Getting the following error "valueError: You have to specify either decoder_input_ids or decoder_inputs_embeds"

Hi there,

I need help with this issue I am facing while using T5-base via AutoModelforSeq2SeqLM. Kindly help with it. I am providing my code along with the error for reference.

Code:-

import random
import numpy as np
import torch
import pandas as pd
import json
import transformers
from transformers import AutoTokenizer
from transformers import AutoModelForSeq2SeqLM
from trl import RewardTrainer, SFTTrainer
from datasets import Dataset
from transformers import (
    Trainer,
    TrainingArguments,
    default_data_collator,
    DataCollatorForLanguageModeling
)

device="cuda"
df = pd.read_parquet("/raid/ganesh/vishak/pranav/ss2113/train_rlhf.parquet")
model = AutoModelForSeq2SeqLM.from_pretrained("summarization_policy_new/").to(device)
tokenizer = AutoTokenizer.from_pretrained("google-t5/t5-base", truncation=True, max_length=256, padding="max_length")
text = df.iloc[2]["prompt"]
tokenized_text = tokenizer(text, return_tensors="pt", max_length=256).to(device)

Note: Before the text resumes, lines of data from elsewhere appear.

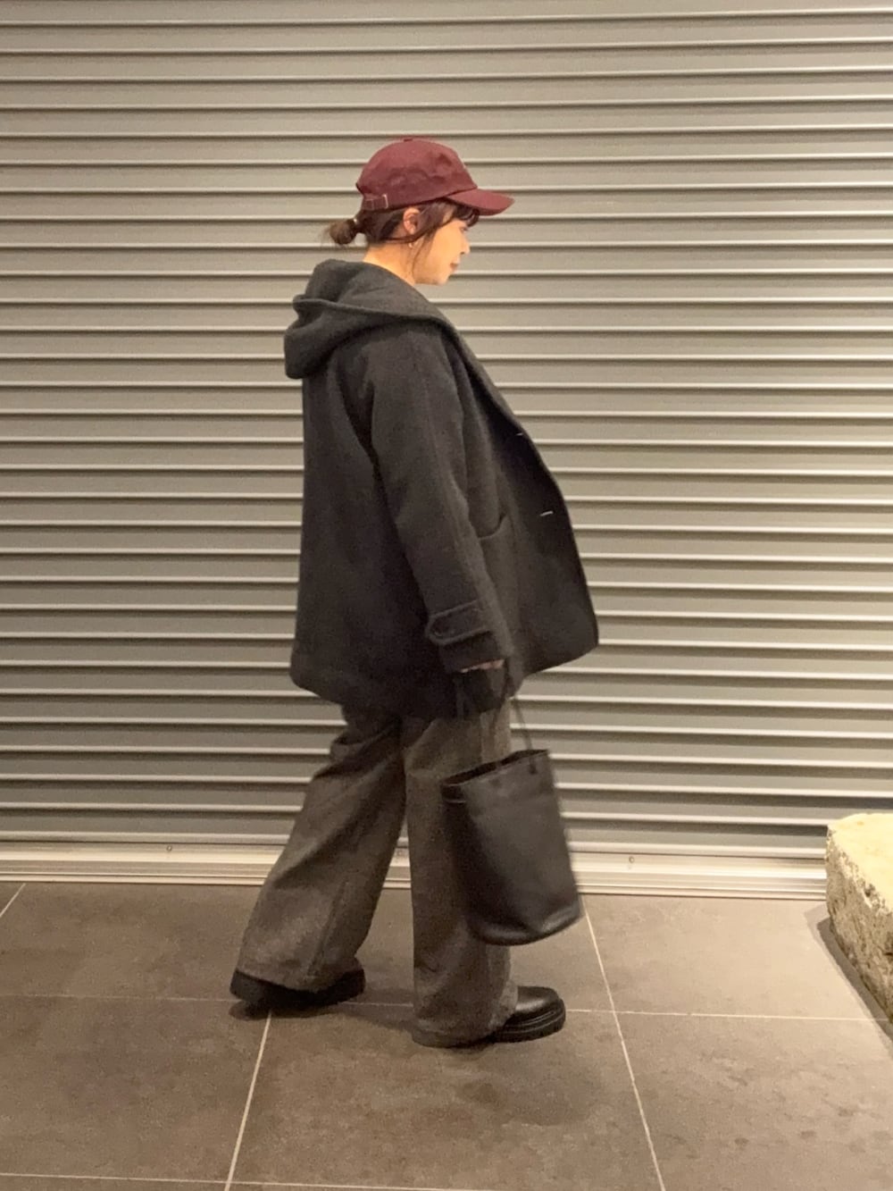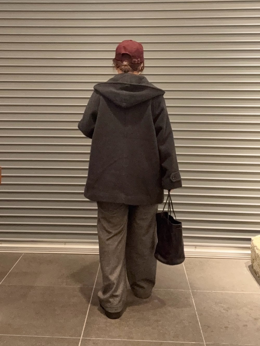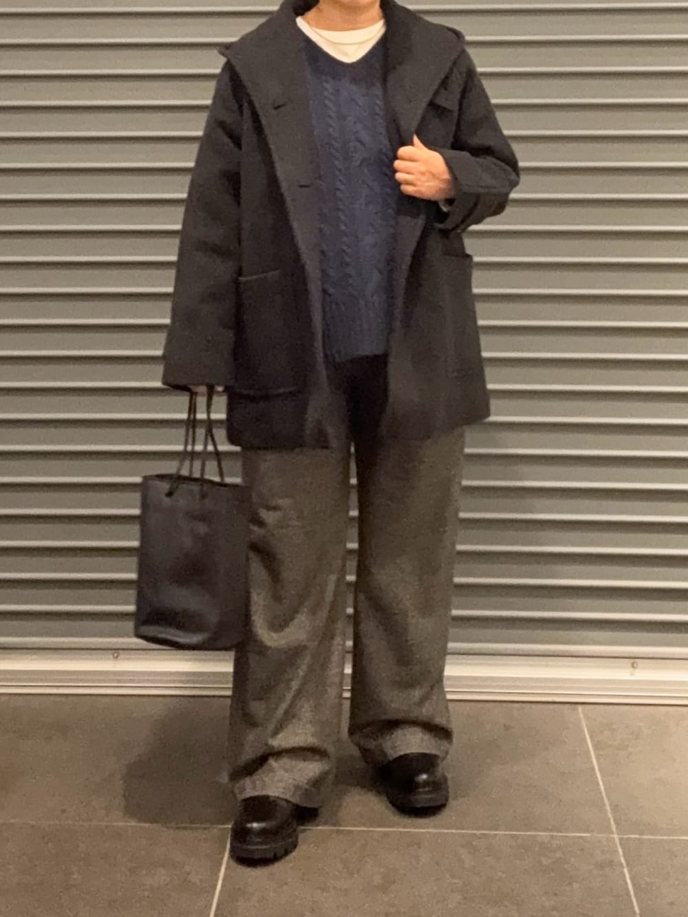 カジュアルにもきれいめにも着回せるミドル丈のウールコートです。襟まわりもフードが着いてるので、とても暖かいです。
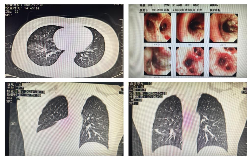 次日,在时晔主任及雷鸣主管医生陪同下,陈瑞琳主任医师进行支气管镜检查,发现患者右肺下叶管口条索状异物,完全阻塞右肺下叶支气管,活检时发现异物质软,且与气道壁嵌合,反复使用活检钳及异物篮均不能顺利取出。患者因治疗时间长剧烈咳嗽、不耐受治疗,随急诊请胸外科戴云副主任医师、麻醉科徐瑞芬主任医师到支气管室会诊配合,经过液氮冷冻、网篮及反复抽吸后,取出数条支气管树状异物,似为牛油果泥与凝血块混合物,此时右肺下叶管腔完全通畅。术后次日复查胸部CT,患者右下肺不张明显改善,继续药物抗感染止血等治疗,患者病情好转,未再咳血,双肺呼吸音正常,血氧饱和度99%,于10月21日顺利出院。
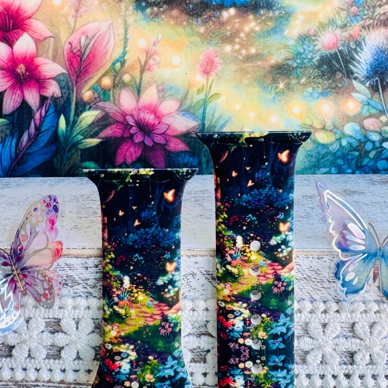 Step into the shimmer. Mystic Garden blooms across a deep midnight base with glowing florals, twinkling firefly specks, and a dreamy woodland path. The soft-touch silicone stays feather-light on your wrist, rinses clean in seconds, and adds a hint of wonder to everyday fitswhether youre lifting at the gym, running errands, or heading out for a night stroll.
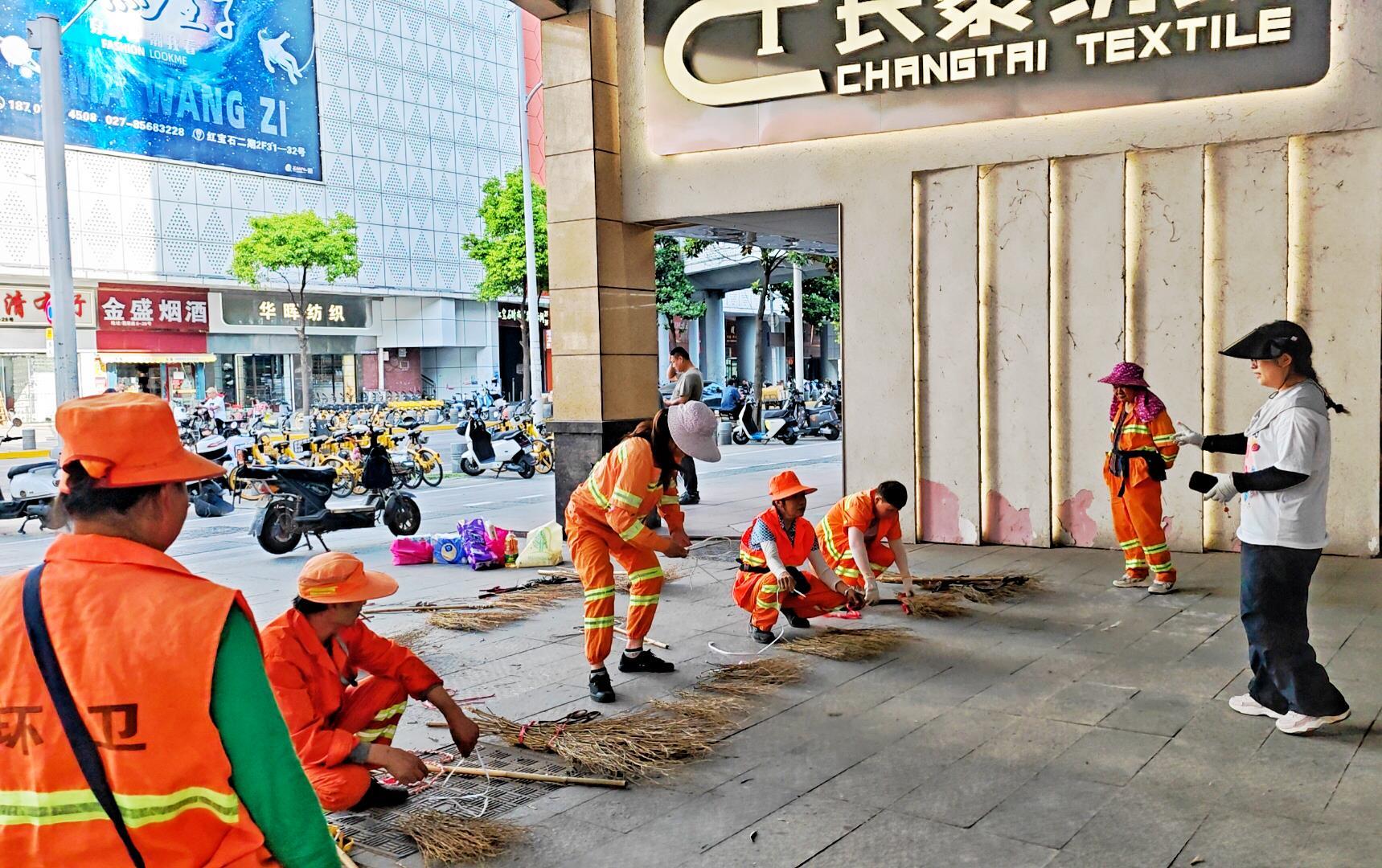 在商居密集、街巷众多、垃圾日产量和日常保洁难度较大的汉正街道,街道组织环卫工人开展“扎扫帚、除牛皮癣”等技能竞赛活动,庆祝环卫工人节,引来众多商家和行人驻足观看。
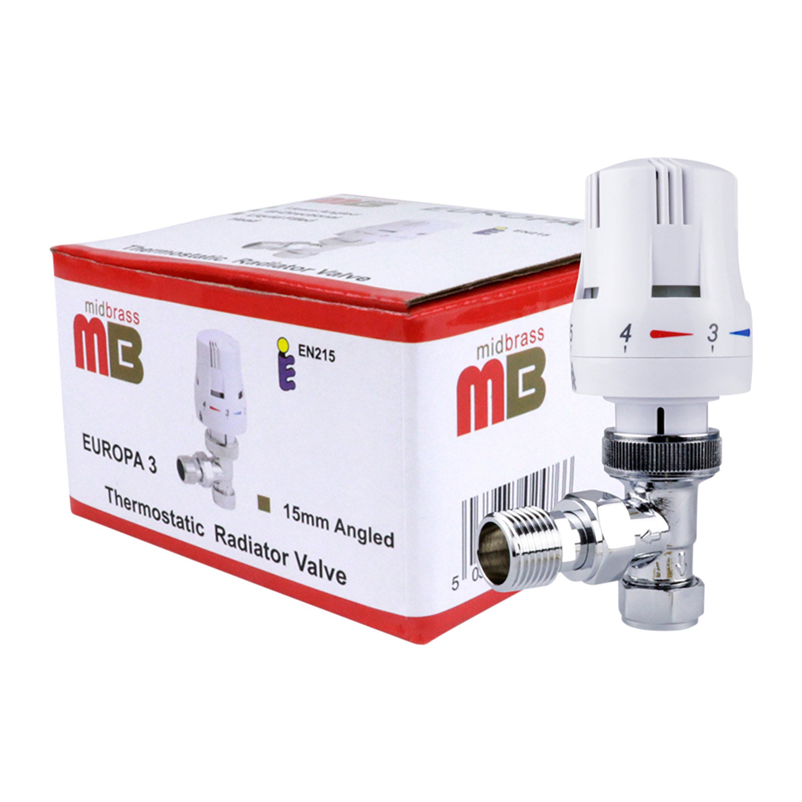 A Chrome & White 15mm Europa 3 Angled Thermostatic Radiator Valve (TRV) ideal for hot water systems in homes, offices and commercial buildings. This angled TRV features a bi-directional flow for heating both single and double panel radiators effectively. It has a liquid-filled head for precise temperature regulation and a frost protection function to safeguard against freezing. This reliable 15mm thermostatic radiator valve has a maximum working pressure of 10 bar, maximum flow temperature of 120°C and a maximum differential pressure of 1 bar. It also comes with a 15mm x 10mm compression reducing set.
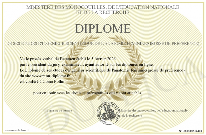 Envoyez par email votre Diplôme de ses études d'ingénieur scientifique de l'anatomie féminine(grosse de préférence) personalisé
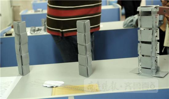 有考生20多分鐘就成功搭建好了平臺,并將滿滿一瓶礦泉水穩(wěn)穩(wěn)地放了上去。而有的考生直到考試結(jié)束,還沒有一個成形的平臺樣子。平臺的形狀也是五花八門,有的是三棱體,有的是四棱體,還有的做成了金字塔的形狀。
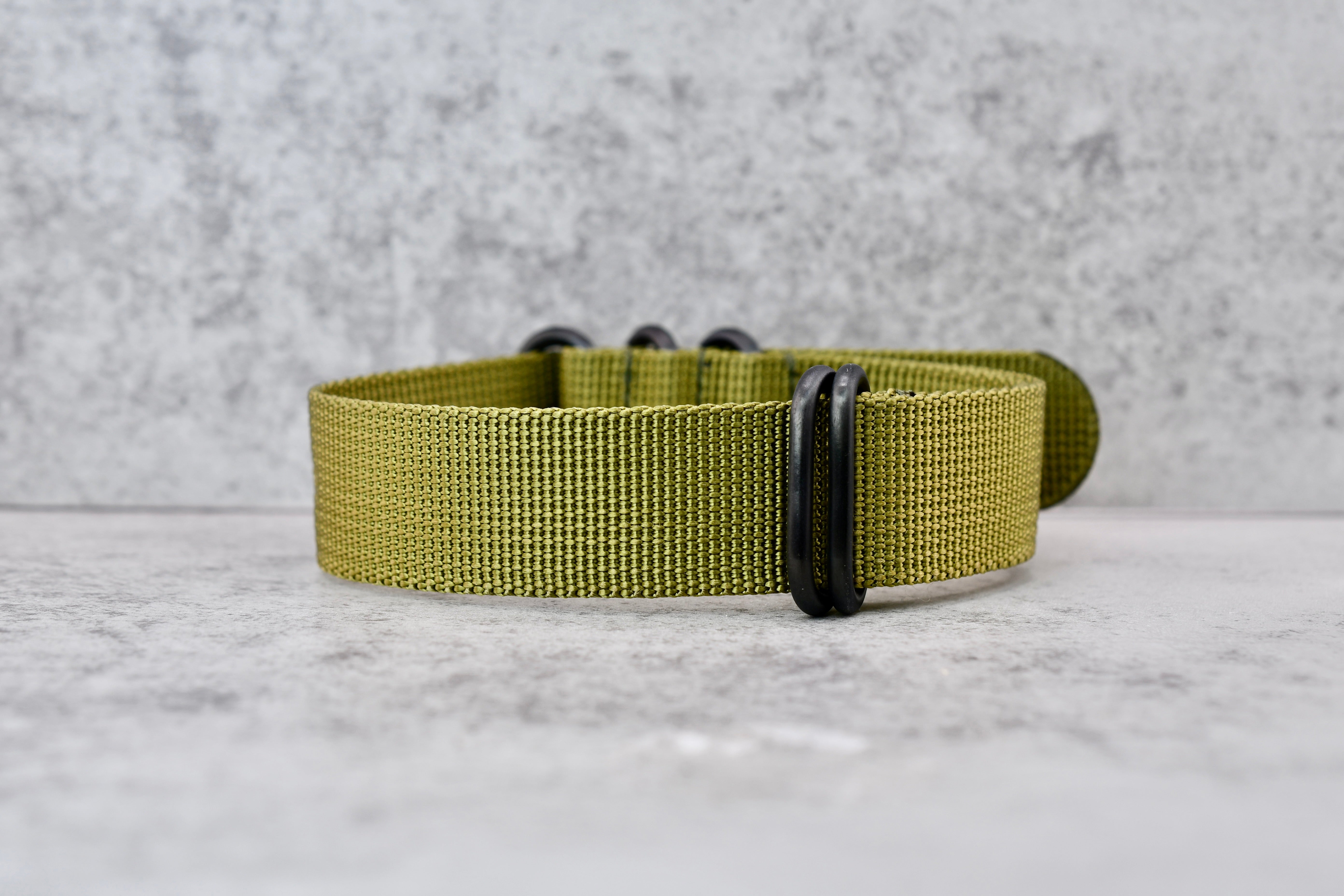 Army Green + Black Hardware Pass-Through Zulu Strap, 22mm - New
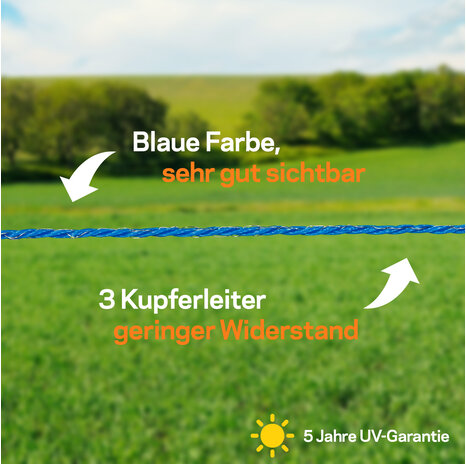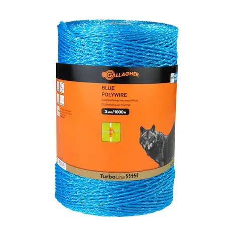 Die seit Jahren in der Praxis bewährte, blaue Weidezaunlitze von Gallagher - TurboLine. Die 3 verzinnten Kupferdrähte (0,25 mm) und 21 Polyethylendrähte (0,38 mm) gewährleisten einen sicheren Stromfluss. Dieser blaue Gallagher Kunststoffdraht wurde speziell entwickelt zum Abwehren von Wild, insbesondere Wildschweinen und Wölfen. Studien belegen, dass Wildschweine schlecht sehen und vorwiegend Blau wahrnehmen.

tokenizer.decode(model.generate(**tokenized_text)[0])

df = pd.read_parquet("/raid/ganesh/vishak/pranav/ss2113/test_summ.parquet")
df = df[:10]
raw_dataset = Dataset.from_pandas(df)
raw_dataset

tokenizer = AutoTokenizer.from_pretrained("google-t5/t5-base",truncation=True, max_length=256, padding="max_length")
model = AutoModelForSeq2SeqLM.from_pretrained("/raid/ganesh/vishak/pranav/ss2113/summarization_policy_new").to(device)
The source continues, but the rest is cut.